Astonishingly poor performance from a simple grammar change

Ross Patterson

unread,

Sep 13, 2022, 8:17:39 PM9/13/22

to antlr-di...@googlegroups.com

As I noted yesterday on the "No reserved words" Discussion, I attempted to use what I believe is the standard fix to the keywords-can-also-be-identifiers grammar problem - listing the keyword tokens as alternatives in the identifier parser rules for the grammars-v4/rexx parser. Boy, was I surprised! With the full list of 64 Rexx keywords, parsing an 11K line program (via "grun Rexx file_ -gui b2h.cmd"), which had previously taken abou 15 seconds, became seemingly interminable. I killed the process after it had consumed 7 minutes of CPU time. I'm going to let one run as long as it needs overnight tonight, just to see how long it takes.

This change in performance is inexplicable to me. Yes, I added 64 terminals to 2 productions. But adding just the 6 that the test program required had no measurable impact. I diffed the 6-keyword and 64-keyword versions of the generated Java parser, and there was one significant difference. The fast one with just a few keywords used quite a few "switch (_input.LA(1))" statements with a "case" clause for each keyword. The slow one with all the keywords instead used "switch ( getInterpreter().adaptivePredict(_input,10,_ctx) )" (with different values in place of the "10"), and "case" clauses like "case 1" and "case 2". I don't know what "getInterpreter().adaptivePredict()" does, but it must be much more involved that just getting a single lookahead token.

Anybody understand what's wrong here? Or have a better suggestion for letting identifiers have the same names as keywords?

Ross

Ross Patterson

unread,

Sep 13, 2022, 11:19:01 PM9/13/22

to antlr-discussion

OK, I didn't let it run overnight, but I let grun run until it had consumed 2 hours of CPU time, and it still hadn't launched the view window. How does one go about debugging a glacially-slow parser?

Ross

Terence Parr

unread,

Sep 13, 2022, 11:27:35 PM9/13/22

to antlr-di...@googlegroups.com

Hi just to be sure, this is the Java target?
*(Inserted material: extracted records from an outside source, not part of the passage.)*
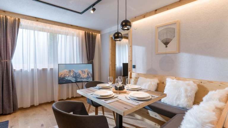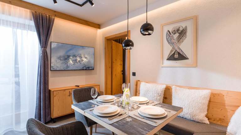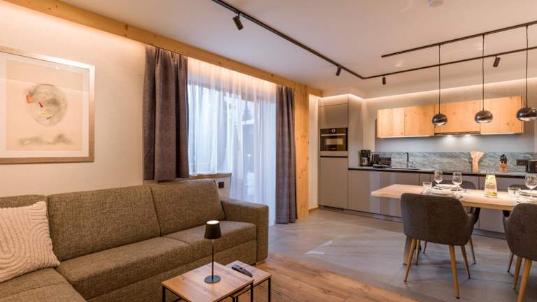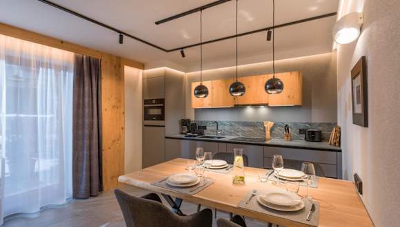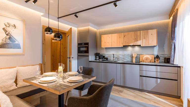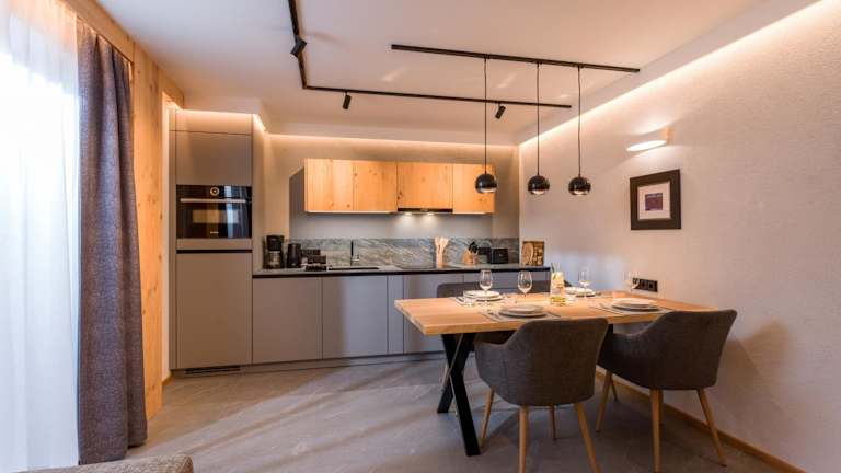 Die Wohneinheiten sind mit einer voll ausgestatteten Küche ausgestattet, die einen Kühlschrank, einen Geschirrspüler, einen Ofen, eine Mikrowelle, eine Kaffeemaschine und einen Wasserkocher umfasst. Ein Essbereich ist ebenfalls vorhanden.
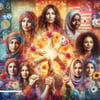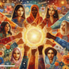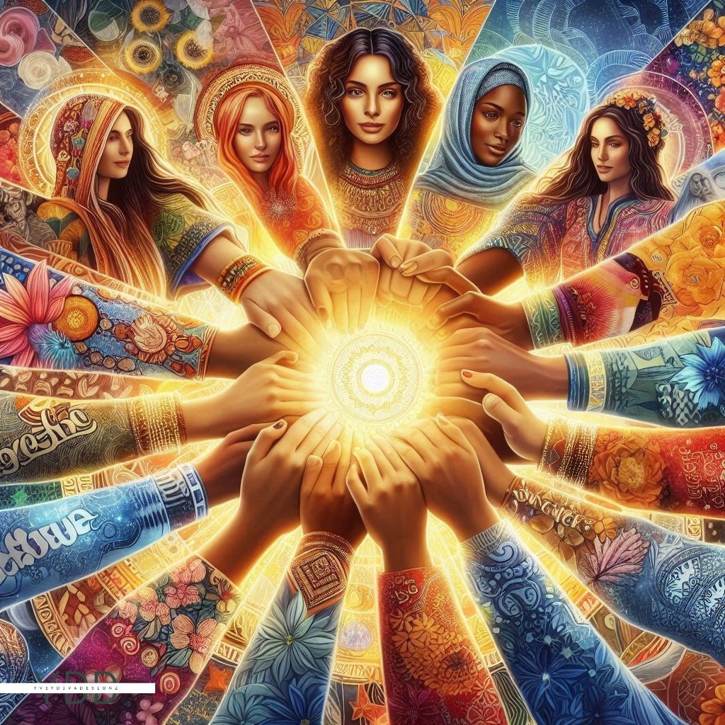 Description: A radiant celebration of unity and strength, this artwork showcases women from diverse cultures, their hands interlocked in a glowing circle of empowerment. Dressed in traditional and modern attire, they stand against a vibrant backdrop infused with symbols of resilience, progress, and hope. This piece embodies the unbreakable bond of sisterhood that transcends borders.
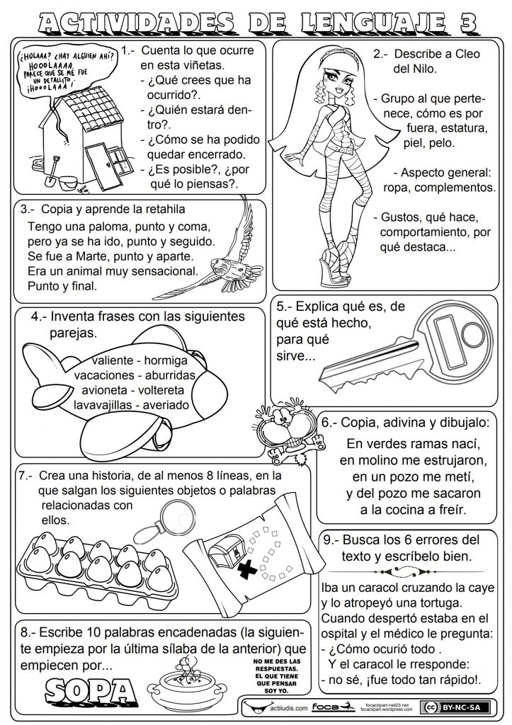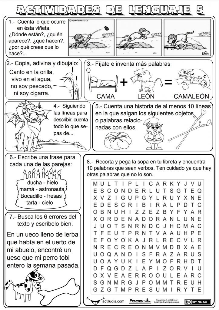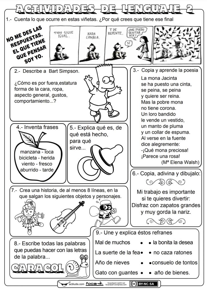 En este artículo dejo 5 fichas para trabajar la expresión escrita que pueden ser usadas en el Primer Ciclo (2º curso) como en el Segundo Ciclo, ya que las actividades permiten varios niveles de profundidad según la edad y nivel de los alumnos.

Can I get a grammar and input string?

Ter

--
You received this message because you are subscribed to the Google Groups "antlr-discussion" group.
To unsubscribe from this group and stop receiving emails from it, send an email to antlr-discussi...@googlegroups.com.
To view this discussion on the web visit https://groups.google.com/d/msgid/antlr-discussion/efa3b9bf-a251-4545-8bfc-aa0d89602986n%40googlegroups.com.

--

Dictation in use. Please excuse homophones, malapropisms, and nonsense.

Ross Patterson

unread,

Sep 15, 2022, 9:51:30 PM9/15/22

to antlr-discussion

I'm working on a proper demostration. This is more complex to prove than I expected.

As they used to say on TV, "Film at 11." :-)

Ross

Ross Patterson

unread,

Oct 8, 2022, 8:32:37 PM10/8/22

to antlr-discussion

I'm back to working on this problem. I've got 4.11.2-SNAPSHOT running on my machine, and it demostrates the issue in both the Python3 and Java runtimes. The Python version of the parser crashes with "RecursionError: maximum recursion depth exceeded", and the tracback shows the following sequence. The Java version, in debug under Eclipse, just runs forever, but any time I stop it, the stack for the TestRig thread looks the same.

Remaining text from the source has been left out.